* Directions
For the listing that follows, give again exactly the lines from the one with "Yellow crocus flowers" to the one with "This hand stitched", including both.

* Input material
══════
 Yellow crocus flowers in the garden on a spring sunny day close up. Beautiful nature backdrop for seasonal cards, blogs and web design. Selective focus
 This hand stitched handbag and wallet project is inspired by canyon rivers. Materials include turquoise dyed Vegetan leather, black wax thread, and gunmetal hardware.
══════
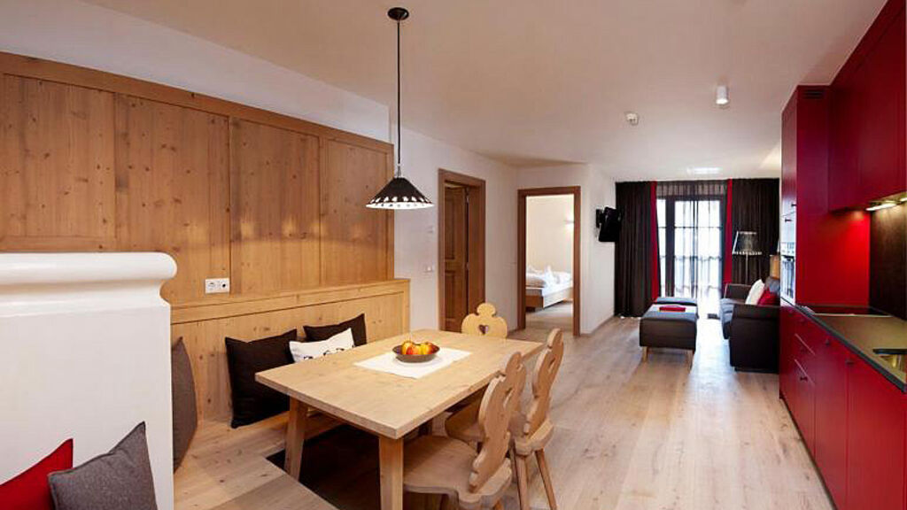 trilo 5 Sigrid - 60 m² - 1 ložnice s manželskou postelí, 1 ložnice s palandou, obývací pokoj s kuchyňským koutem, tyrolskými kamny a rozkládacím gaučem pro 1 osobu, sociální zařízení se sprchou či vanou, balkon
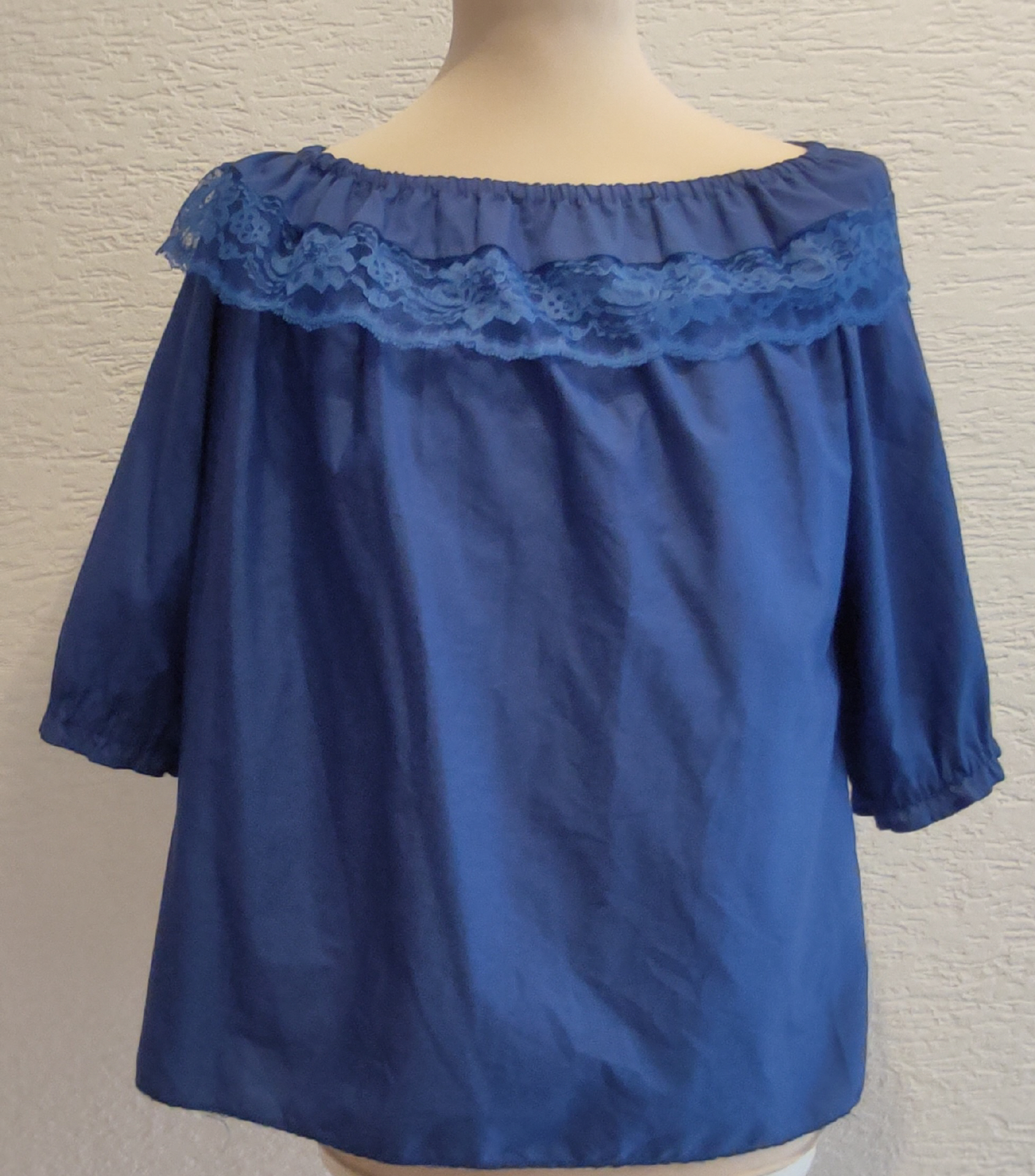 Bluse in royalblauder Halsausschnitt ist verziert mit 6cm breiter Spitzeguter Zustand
══════
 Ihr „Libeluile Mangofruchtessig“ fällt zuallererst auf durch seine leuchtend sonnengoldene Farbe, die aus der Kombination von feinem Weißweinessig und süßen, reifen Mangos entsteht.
══════
* Result
 Yellow crocus flowers in the garden on a spring sunny day close up. Beautiful nature backdrop for seasonal cards, blogs and web design. Selective focus
 This hand stitched handbag and wallet project is inspired by canyon rivers. Materials include turquoise dyed Vegetan leather, black wax thread, and gunmetal hardware.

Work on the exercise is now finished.